• _YOUR INSTRUCTIONS_:
An exact copy of the data is needed, one that excludes all pictures.

• _DATASET EXCERPTS_:
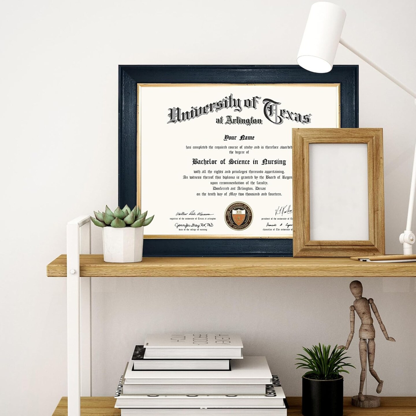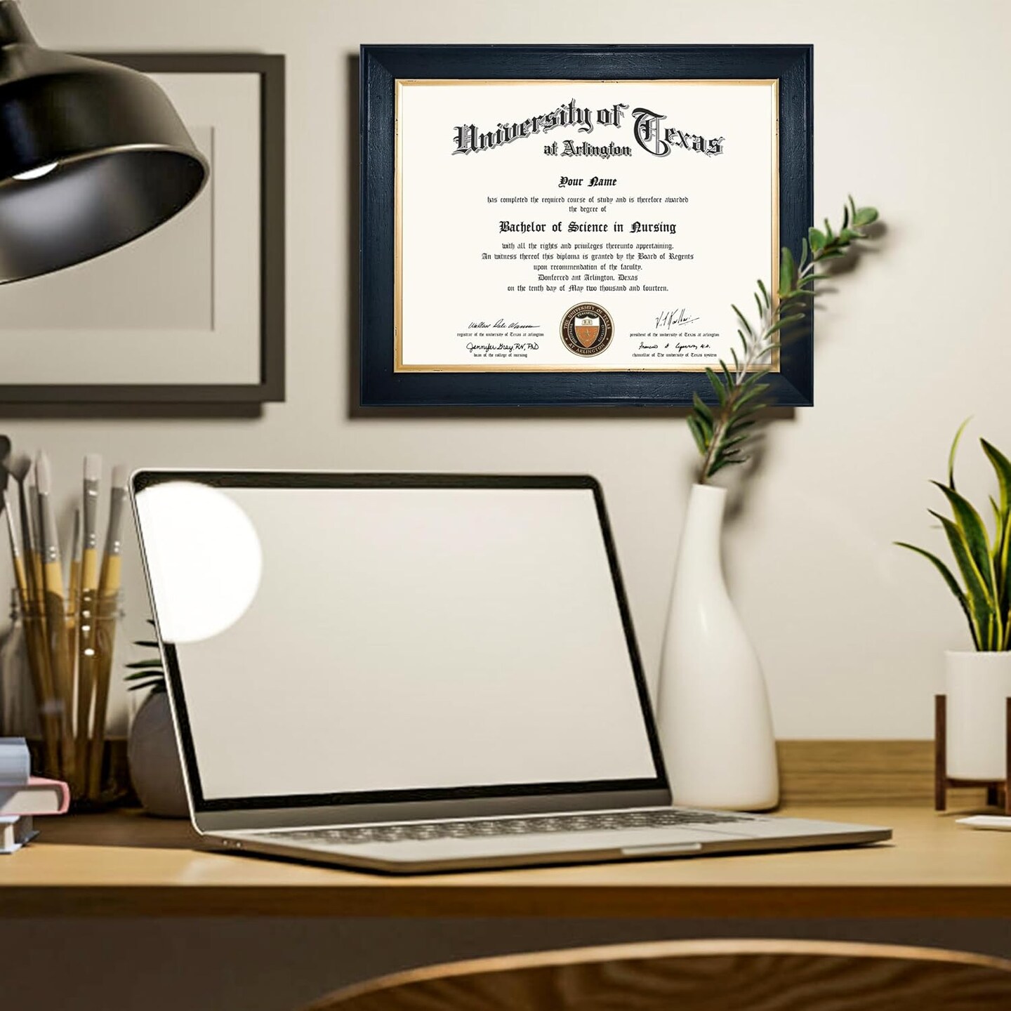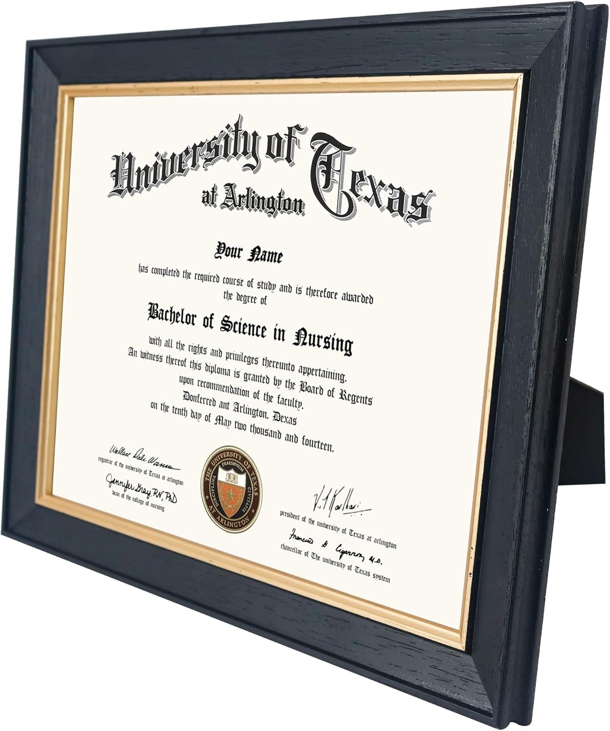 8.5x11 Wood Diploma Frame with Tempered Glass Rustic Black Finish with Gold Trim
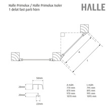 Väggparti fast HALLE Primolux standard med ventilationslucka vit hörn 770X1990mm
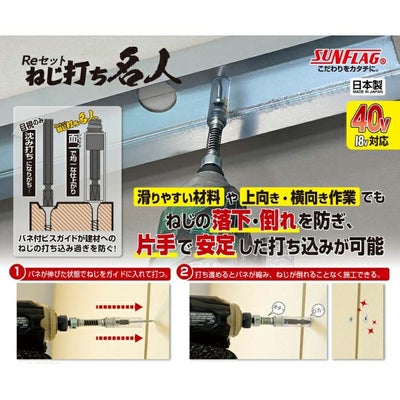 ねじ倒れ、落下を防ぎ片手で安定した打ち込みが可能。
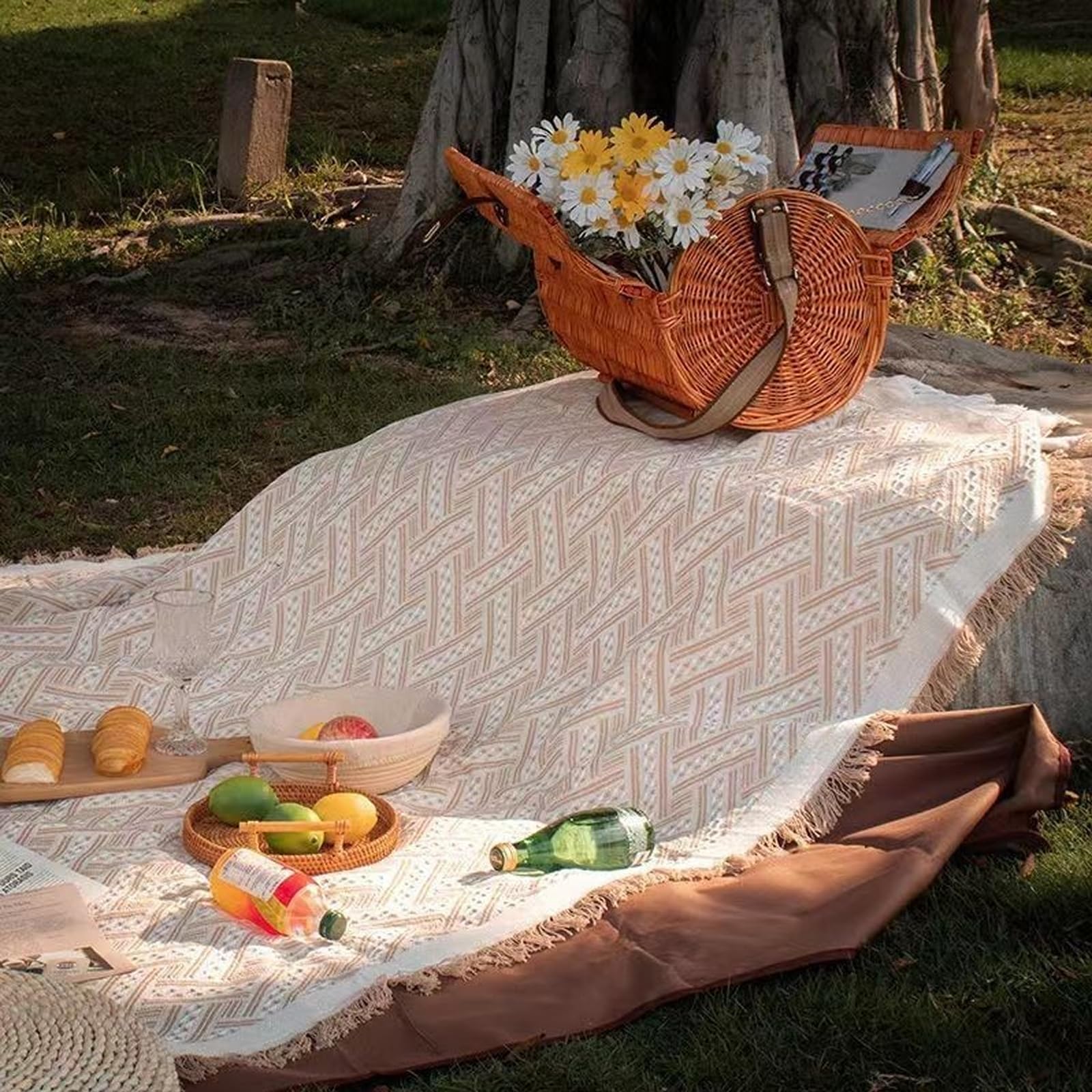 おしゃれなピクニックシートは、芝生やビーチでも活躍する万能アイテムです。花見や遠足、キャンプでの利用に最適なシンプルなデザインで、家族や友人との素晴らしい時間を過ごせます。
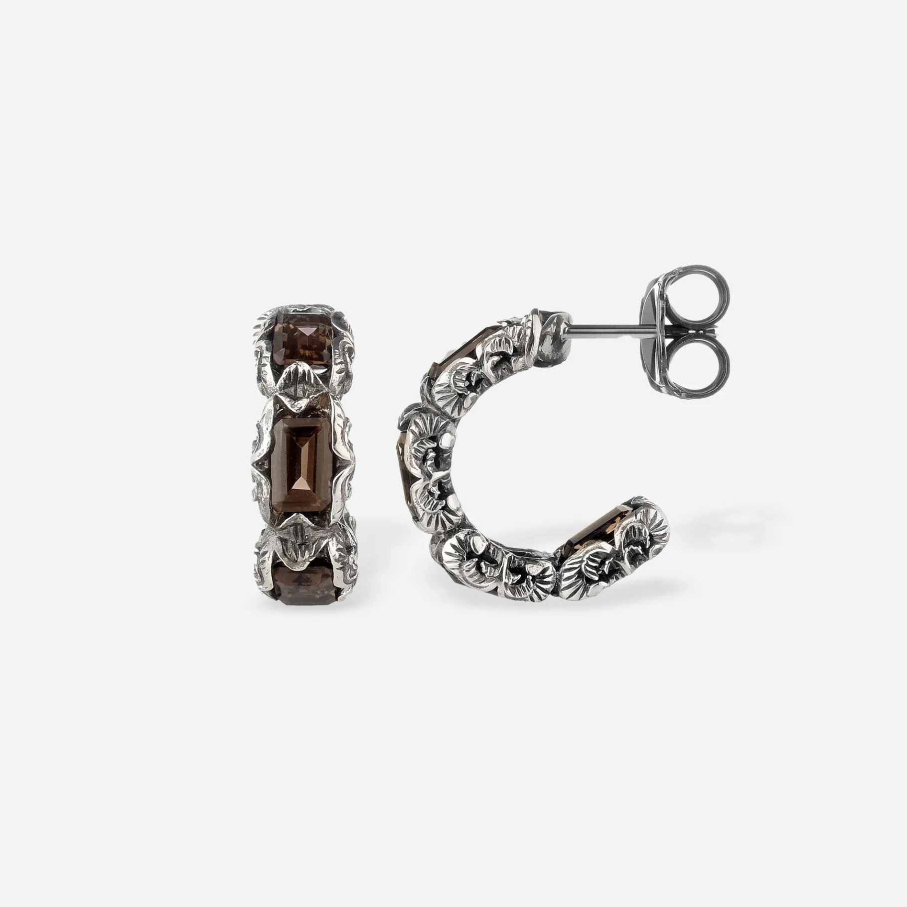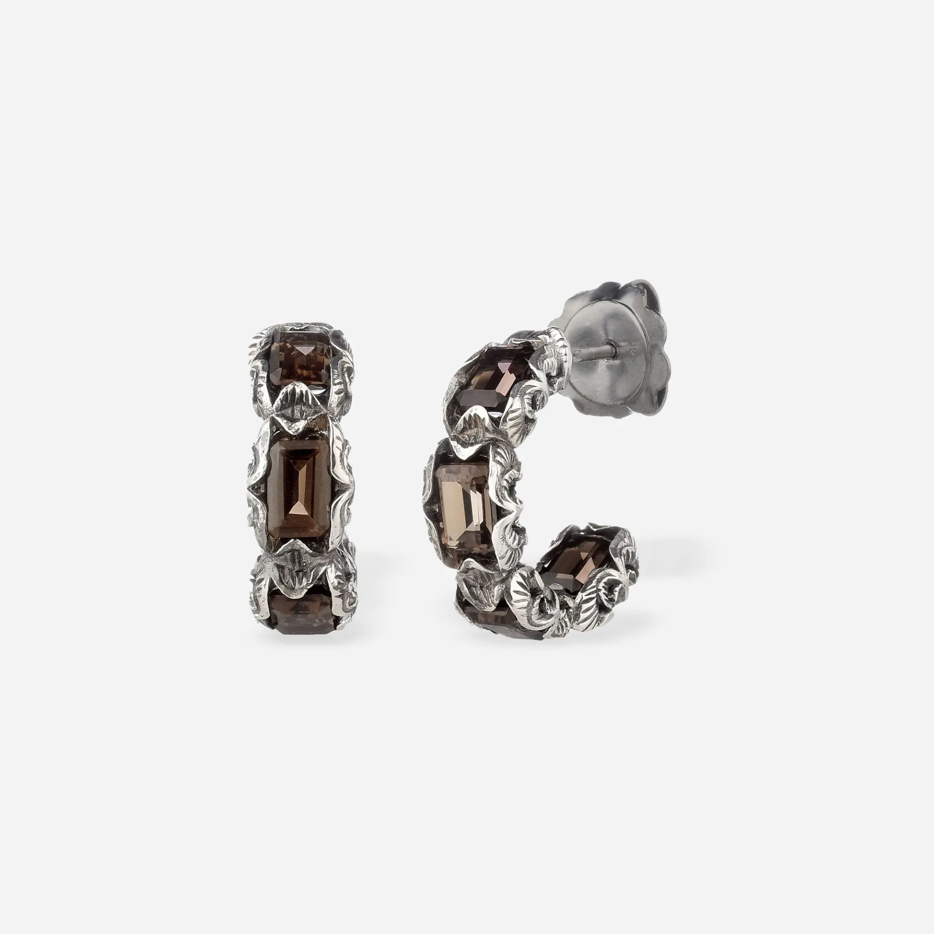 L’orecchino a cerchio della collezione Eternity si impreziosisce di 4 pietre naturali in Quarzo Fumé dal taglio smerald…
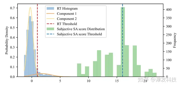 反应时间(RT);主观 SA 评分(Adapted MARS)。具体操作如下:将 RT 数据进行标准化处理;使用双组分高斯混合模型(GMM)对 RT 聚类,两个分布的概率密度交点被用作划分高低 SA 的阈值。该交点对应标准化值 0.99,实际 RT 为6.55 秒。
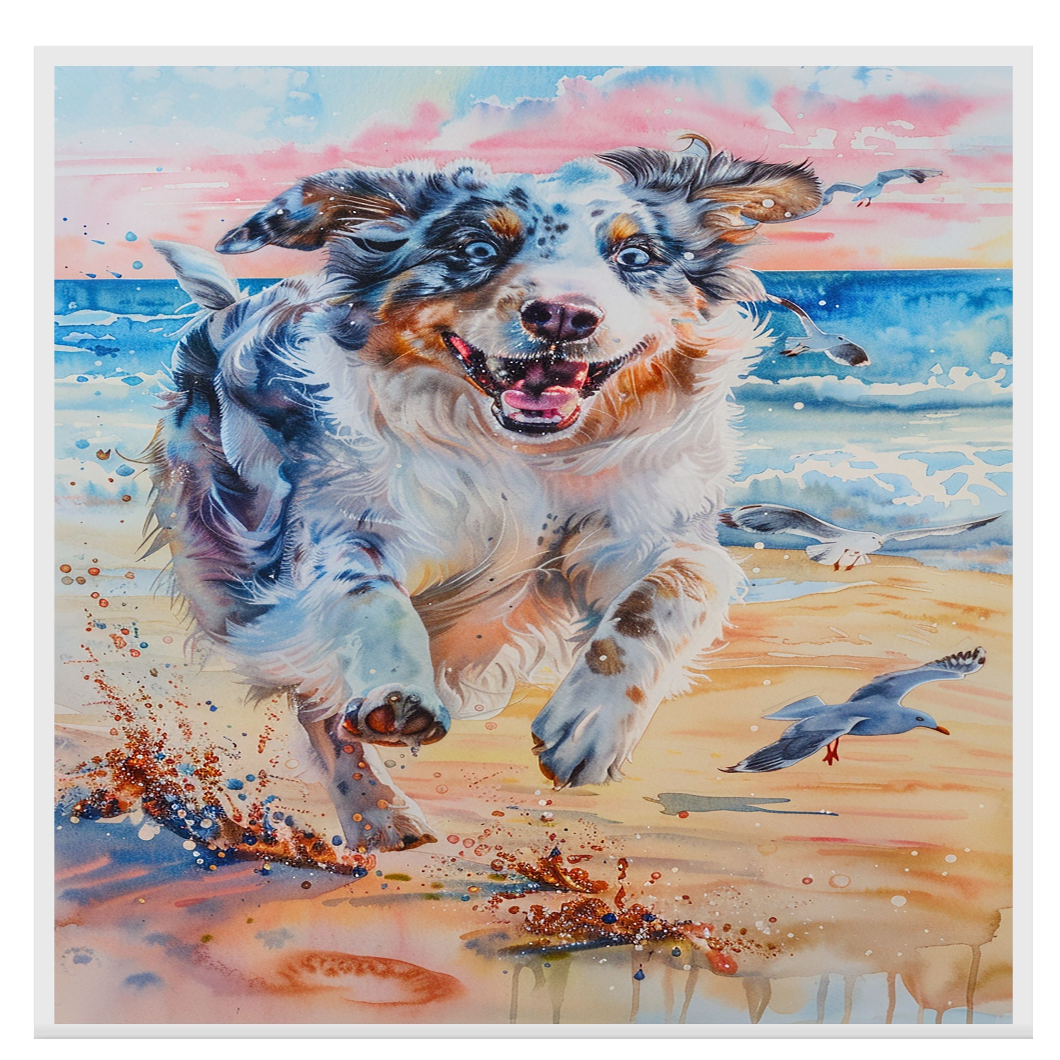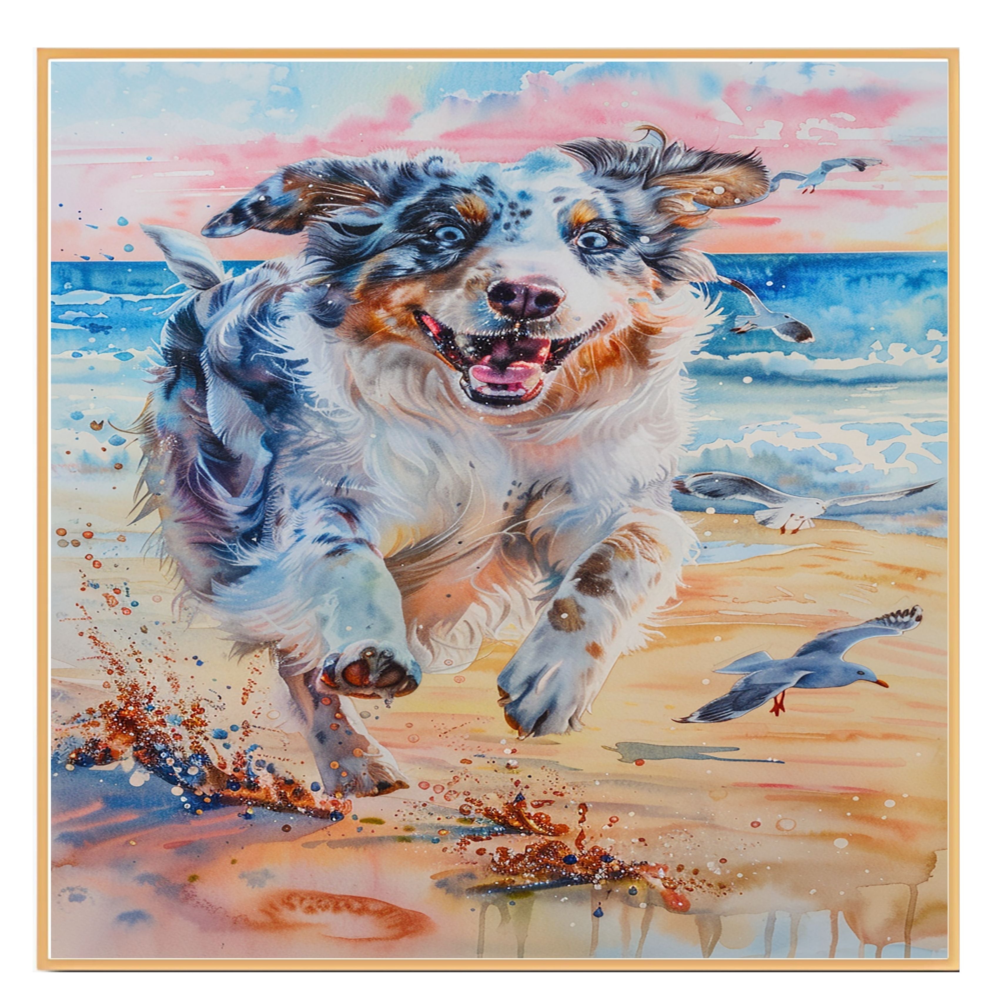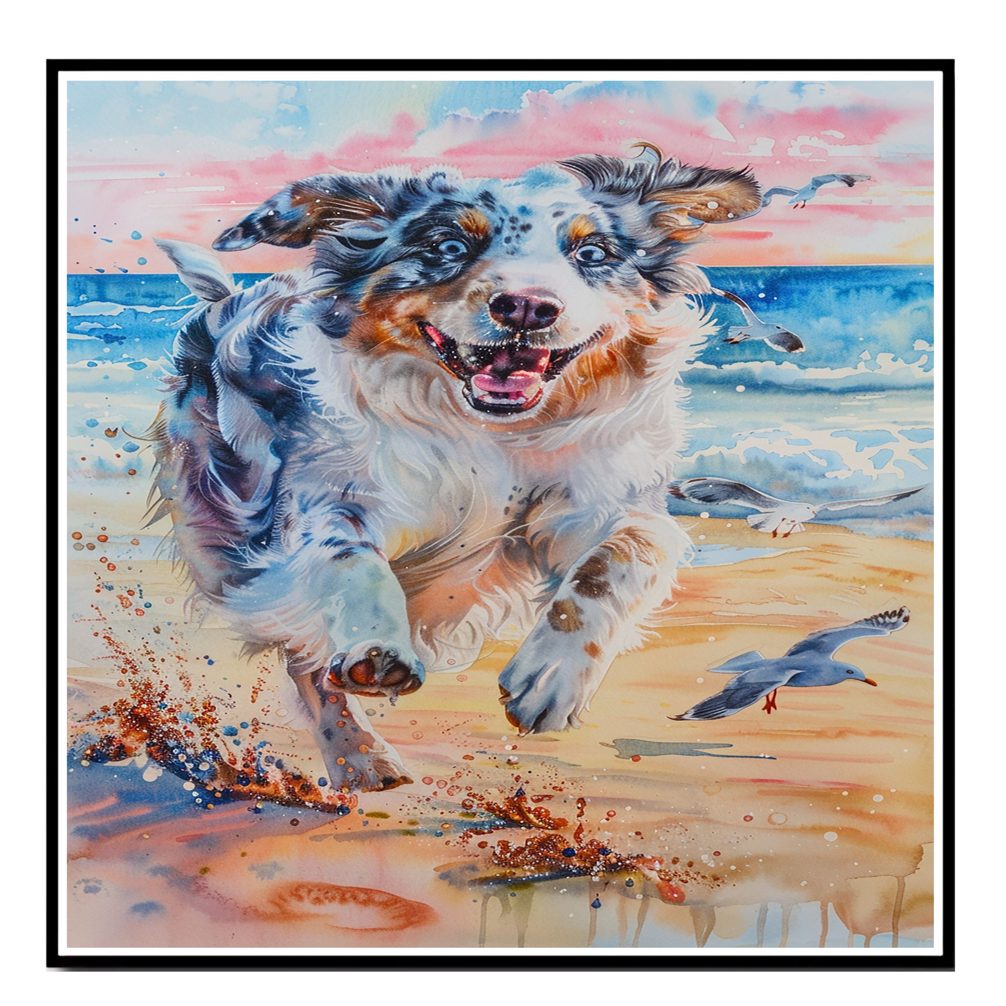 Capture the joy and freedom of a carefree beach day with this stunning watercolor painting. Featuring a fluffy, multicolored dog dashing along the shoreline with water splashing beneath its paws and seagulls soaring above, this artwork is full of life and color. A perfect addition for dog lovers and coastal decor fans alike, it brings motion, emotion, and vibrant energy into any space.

• _EXERCISE RESPONSE_:
 8.5x11 Wood Diploma Frame with Tempered Glass Rustic Black Finish with Gold Trim
 Väggparti fast HALLE Primolux standard med ventilationslucka vit hörn 770X1990mm
 ねじ倒れ、落下を防ぎ片手で安定した打ち込みが可能。
 おしゃれなピクニックシートは、芝生やビーチでも活躍する万能アイテムです。花見や遠足、キャンプでの利用に最適なシンプルなデザインで、家族や友人との素晴らしい時間を過ごせます。
 L’orecchino a cerchio della collezione Eternity si impreziosisce di 4 pietre naturali in Quarzo Fumé dal taglio smerald…
 反应时间(RT);主观 SA 评分(Adapted MARS)。具体操作如下:将 RT 数据进行标准化处理;使用双组分高斯混合模型(GMM)对 RT 聚类,两个分布的概率密度交点被用作划分高低 SA 的阈值。该交点对应标准化值 0.99,实际 RT 为6.55 秒。
 Capture the joy and freedom of a carefree beach day with this stunning watercolor painting. Featuring a fluffy, multicolored dog dashing along the shoreline with water splashing beneath its paws and seagulls soaring above, this artwork is full of life and color. A perfect addition for dog lovers and coastal decor fans alike, it brings motion, emotion, and vibrant energy into any space.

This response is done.